Finding Overlapping Reads
Assume that you would like to perform all-vs-all
overlapping between all pairs of HiFi reads from a human genome located in file reads.fastq
. To find overlapping reads and store them in the PAF file output.paf
:
blend -x ava-hifi --genome human reads.fastq reads.fastq > output.paf
Read Mapping
Assume that you would like to map PacBio CLR reads in file reads.fastq
to a reference genome in file ref.fasta
. To generate the read mapping with the CIGAR output in the SAM file output.sam
:
blend -ax map-pb ref.fasta reads.fastq > output.sam
Getting Help
Since we integrate the BLEND mechanism into Minimap2, most portion of the parameters are the same as explained in the man page of Minimap2 or as explained in the public page of minimap2.1, which is subject to change as the new versions of Minamp2 role out. We explain the parameters unique to the BLEND implementation below.
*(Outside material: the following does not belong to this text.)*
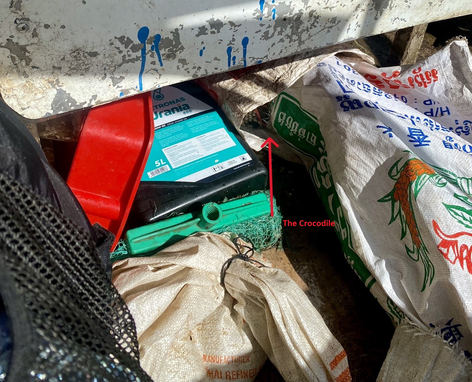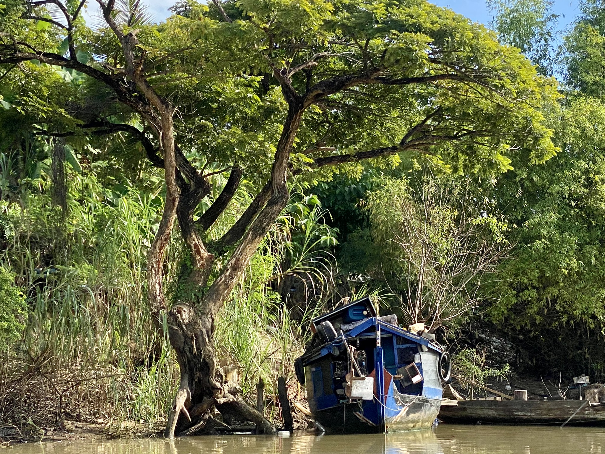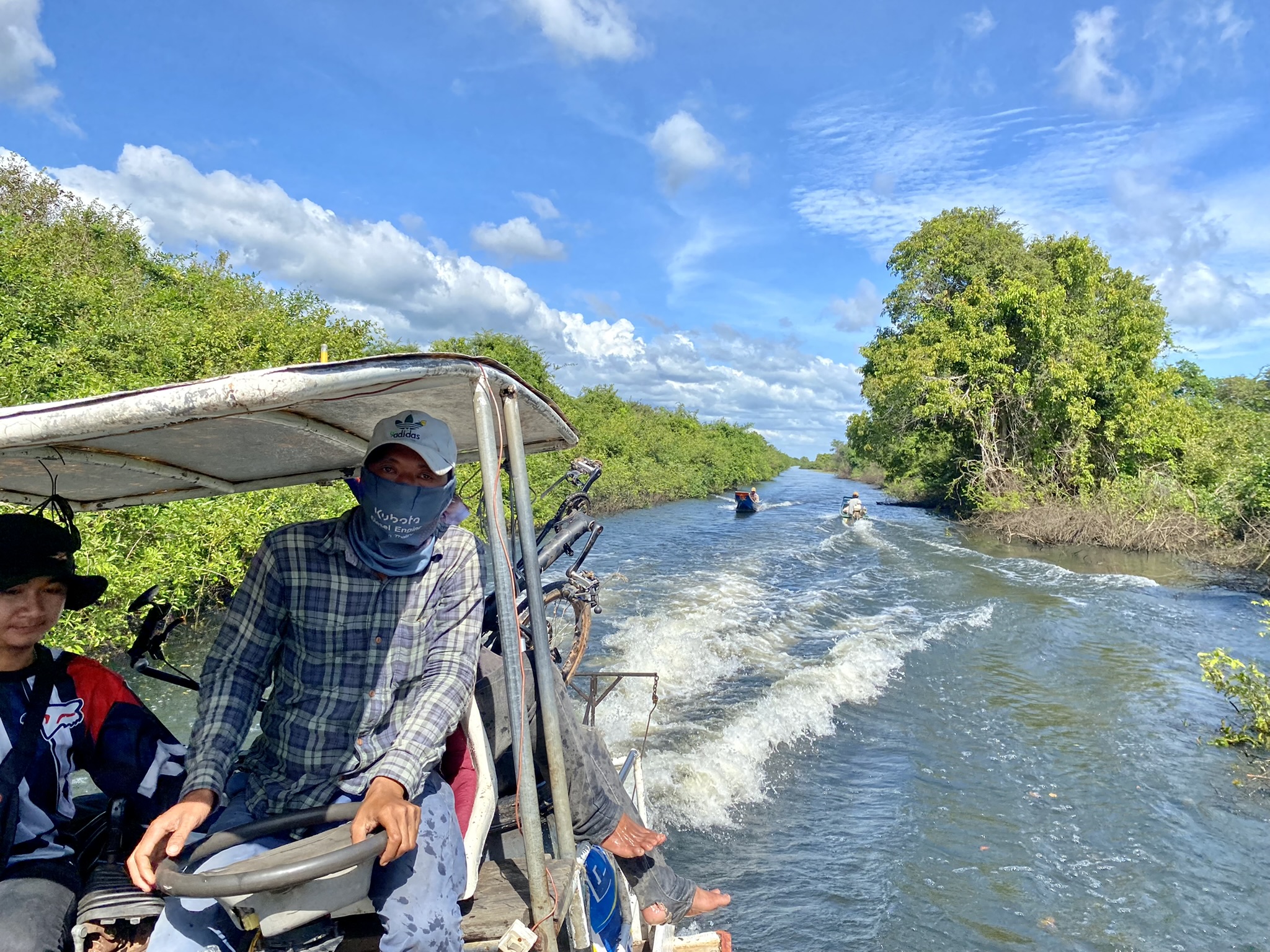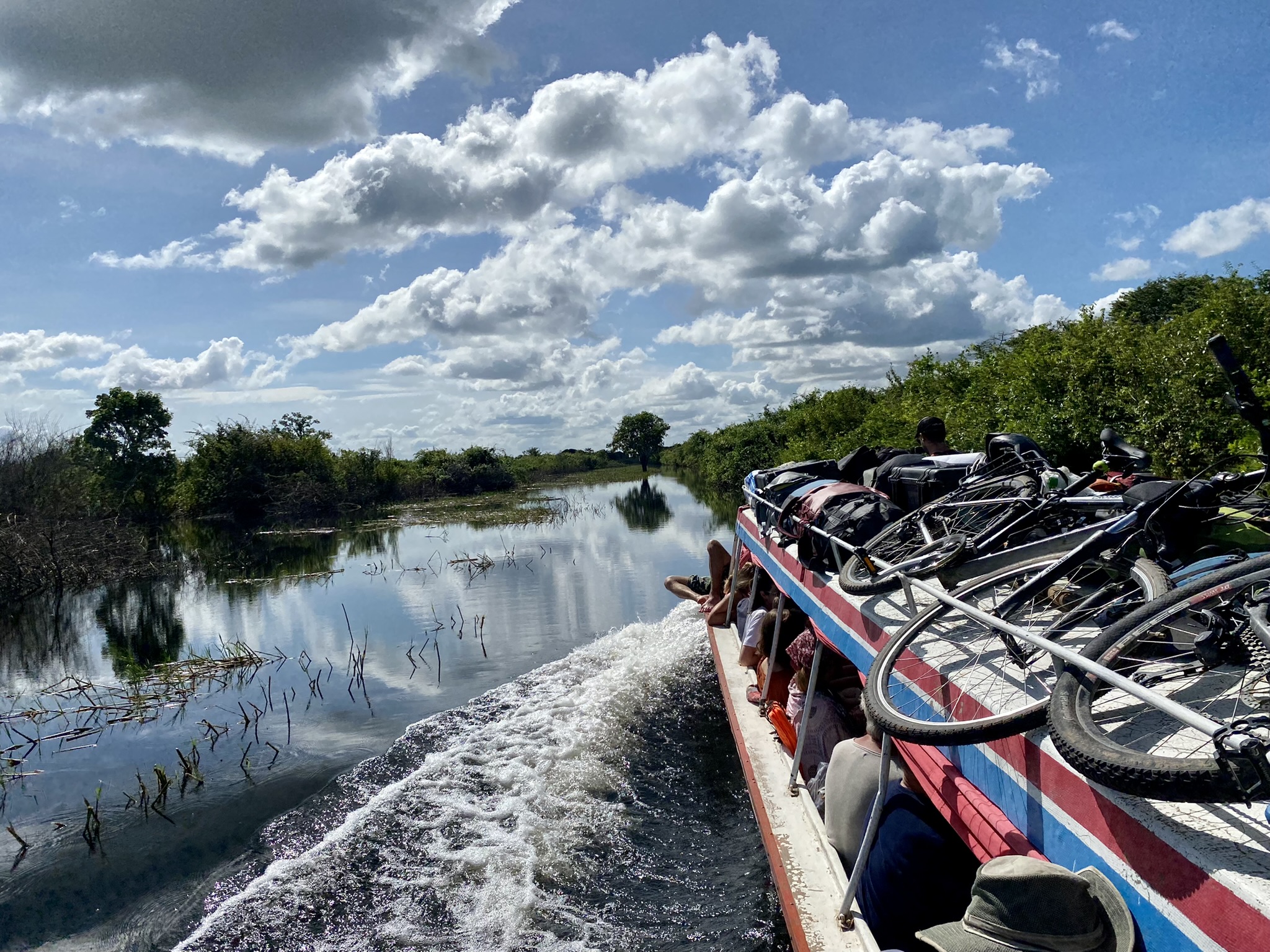 After some time in Siem Reap, I was ready for a mini vacation and decided to take a short trip to visit Battambang. There are three options to get there, minivan, boat, or taxi. The trip by road is about 50 miles/80 km, but with the roads, it takes about 3 hours. The boat is the most expensive option, and also the longest at 4 hours. Of course, I love to be on the water and see all of the little villages, so I chose the boat. Unfortunately, I picked a day where they didn’t run the normal tourist boat with rows of seats, but instead a smaller, not so nice boat with seats around the edges so we could all stare at each other instead of the beautiful scenery. I ended up at the very back of the boat, in front of the toilet (which was awesome if you were less than 3′ tall), engine, and captain. Luckily I had my earplugs handy in my backpack as they gave me some protection from the crazy loud engine. Once we were sufficiently packed in and all the luggage and a few bikes secured on top, we started moving….slowly! And, as it goes, we soon made a couple more stops to pick up some local passengers as well as a live crocodile covered in rice bags (WTF?), that was placed on the floor in front of the toilet and directly behind me. Okay, here we go…hot, sweaty, so much leg room, and sucking in fumes, what a treat!

The following option (i.e., neighbors
) defines the number of consecutive k-mers that BLEND uses to generate a seed. Thus, if the k-mer length is k
, the seed length is neighbors + k - 1
. Default value is 10.
--neighbors INT Combines INT amount of k-mers to generate a seed. [10]
The following option (i.e., fixed-bits
) defines the number of bits that BLEND uses for a hash value of a seed. By default, it uses 2 bits per character of a k-mer and, thus, 2*k bits for a hash value of a seed. This value can be decreased to increase the collision rate for assigning the same hash values for similar seeds, but also may start assigning the same hash value for slightly dissimilar seeds.
--fixed-bits INT BLEND uses INT number of bits when generating hash values of seeds rather than using 2*k number of bits. Useful when collision rate needs to be decreased than 2*k bits. Setting this option to 0 uses 2*k bits for hash values. [0].
BLEND also provides preset options. Some of these preset options also depend on the genome type as shown below:
-x map-ont (-k15 -w10 --fixed-bits=30 --neighbors=3)
-x ava-ont (-k15 -w20 --fixed-bits=30 --neighbors=3 -e0 -m100 -r2k)
-x map-pb (-Hk15 -w20 --fixed-bits=30 --neighbors=3)
-x ava-pb (-Hk19 -Xw20 --fixed-bits=32 --neighbors=3 -e0 -m100)
-x map-hifi --genome human (-k15 -w500 --fixed-bits=38 --neighbors=100 -U50,500 -g10k -A1 -B4 -O6,26 -E2,1 -s200)
-x map-hifi --genome eukaryote (-k15 -w500 --fixed-bits=30 --neighbors=5 -U50,500 -g10k -A1 -B4 -O6,26 -E2,1 -s200)
-x map-hifi --genome bacteria (-k15 -w500 --fixed-bits=30 --neighbors=3 -U50,500 -g10k -A1 -B4 -O6,26 -E2,1 -s200)
-x ava-hifi --genome human (-k15 -Xw500 --fixed-bits=38 --neighbors=10 -e0 -m100)
-x ava-hifi --genome eukaryote (-k15 -Xw500 --fixed-bits=30 --neighbors=10 -e0 -m100)
-x ava-hifi --genome bacteria (-k15 -Xw500 --fixed-bits=30 --neighbors=5 -e0 -m100)
Replicating the results in the paper
We explain how to replicate the results we produce in the BLEND paper in the test directory.